OMB chief: Hill’s budget ideas mirror Obama’s plan

WASHINGTON — The White House sought today to stress the positive in a looming fight with Congress over a $3.6 trillion budget, saying blueprints put forth by Democratic allies in both chambers hew closely to President Barack Obama’s priorities.

Budget director Peter Orszag said companion fiscal 2010 blueprints emerging from the House and Senate budget panels will bolster administration efforts to give a higher priority to education and clean energy programs as well as taking into account Obama’s desire to overhaul health care. The outlines, however, would leave for a later time difficult decisions on financing his plans to combat global warming and provide millions of Americans with health care coverage.

Orszag, in a briefing for reporters, said the separate plans are “fully in line with the president’s key priorities.” Obama has said that he understands the process will necessitate considerable give and take, but that he doesn’t want to lose sight of the overall goals.

The budget director characterized the emerging plans as “98 percent the same as the budget proposal the president sent up in February.”

Obama has been hearing increasingly vocal opposition to the blueprint he sent to Congress last month, however, and he arranged to travel to Capitol Hill later today to meet with Democrats. Some of the opposition on spending, particularly, has come from moderate to conservative members of his own party.
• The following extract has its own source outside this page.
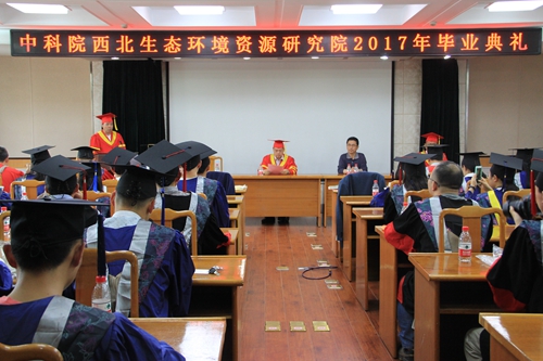 6月9日,中國(guó)科學(xué)院西北生態(tài)環(huán)境資源研究院(籌)(簡(jiǎn)稱西北研究院)2017年研究生畢業(yè)典禮隆重舉行。西北研究院黨委書(shū)記、副院長(zhǎng)謝銘,學(xué)位評(píng)定委員會(huì)主席、常務(wù)副院長(zhǎng)賴遠(yuǎn)明院士,副院長(zhǎng)馮起研究員,油氣中心主任夏燕青研究員,學(xué)位評(píng)定委員會(huì)委員代表,導(dǎo)師代表及2017屆畢業(yè)生近百人齊聚一堂見(jiàn)證莊嚴(yán)的時(shí)刻。典禮由馮起主持。
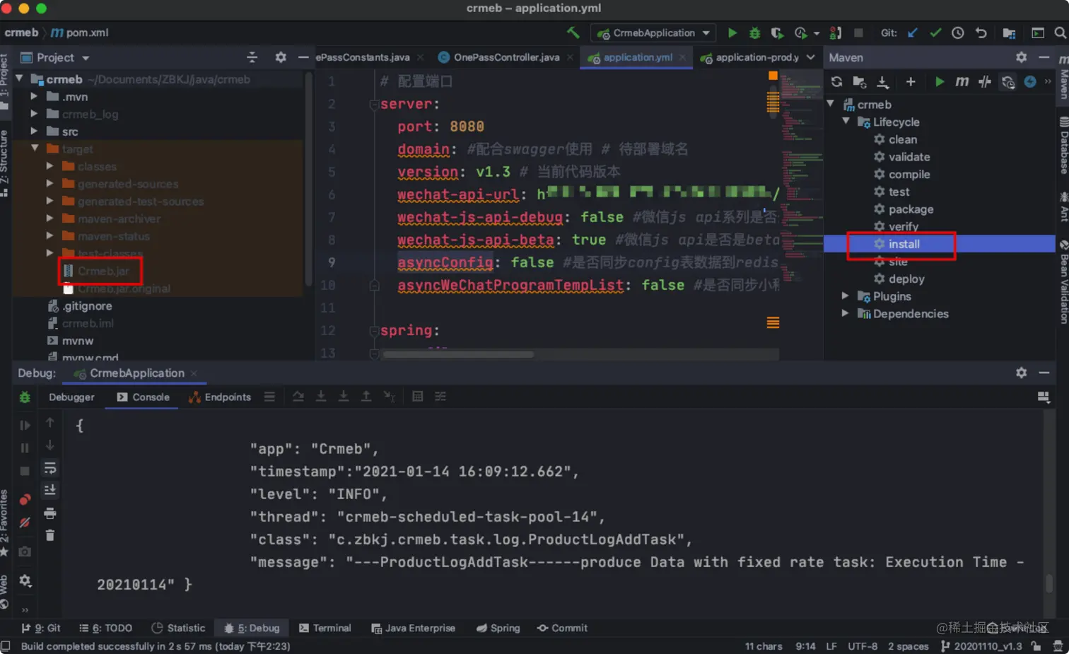 - 如下图所示执行打包后得到 Crmeb.jar

For their part, Republicans have almost universally assailed his spending plan as overly ambitious, saying it would dump trillions in debt on future generations.

While the budget plans that Democrats started pushing through Congress largely mirrored Obama’s blueprint, the plan advanced by Senate Democrats employs some sleight of hand — such as assuming a $400 tax cut for most workers and $800 for couples will not be renewed beyond 2010 — to cut projected deficits to a more sustainable level.

In a conference call with reporters in advance of Obama’s Hill visit, Orszag said the proposals coming from the budget panels mirror Obama’s. And he said the administration was studying ways to simplify the U.S. tax code, seeking to close loopholes with an eye toward further budget savings.

Meanwhile, House Minority Whip Eric Cantor of Virginia charged that Obama’s budget is “so far out of the mainstream” that even members of Obama’s own party are reluctant to support it.

Cantor said that it puts too many taxes on businesses and that policymakers must “provide relief to the job creators.”

Both the House and Senate budget chairmen have been forced by worsening deficit estimates to scale back Obama’s requests for domestic programs, while deeply controversial revenues from his global warming initiative won’t be included either.

In the House, Budget Chairman John Spratt Jr., D-S.C., said his companion blueprint would employ fast-track procedures to allow Obama’s overhaul of the U.S. health care system to pass Congress without the threat of a GOP filibuster in the Senate.

Democrats point out that Obama inherited an unprecedented fiscal mess caused by the recession and the taxpayer-financed bailout of Wall Street. Rather than retrenching, however, they still promise to award big budget increases to education and clean energy programs, while assuming Obama’s plans to overhaul the U.S. health care system advance.

“The best way to bring our deficit down in the long run is … with a budget that leads to broad economic growth by moving from an era of borrow and spend to one where we save and invest,” Obama said in a Tuesday night news conference.

It’s also becoming clear that Obama’s controversial global warming initiative has experienced a setback, as neither House nor Senate Democrats are directly incorporating into their budget plans Obama’s controversial “cap-and-trade” system for auctioning permits to emit greenhouse gases.

Conrad’s plan was released in the wake of new Congressional Budget Office estimates that predicted Obama’s plan would produce alarming estimates of red ink — $9.3 trillion over 10 years and a deficit of $749 billion in 2014. Obama’s budget promises a $570 billion deficit in that year, and to get below that figure Conrad was forced to make a series of difficult choices.

Conrad said his budget makes room for Obama’s hopes to deliver health care to the uninsured. He said the plan would not add to the deficit over the long haul.

In grappling with the deficit, Conrad would cut Obama’s proposed increases for next year for domestic agencies funded by lawmakers to growth of about $27 billion, or 6 percent. Over five years, the savings from Obama’s budget would be $160 billion.

But Conrad also makes several shaky assumptions, especially that Congress will raise taxes by about $114 billion over 2013-14 to make sure middle-class taxpayers won’t get hit by the alternative minimum tax. He also saves $87 billion by promising Congress will come up with spending cuts or new revenues to avoid cuts in Medicare payments to doctors.

Both problems have been fixed in recent years by using deficit dollars.

Under Congress’ arcane procedures, the annual congressional budget resolution is a nonbinding measure that sets the terms for follow-up legislation.

Neither budget includes Obama’s $250 billion set-aside for more bailouts of banks and other firms.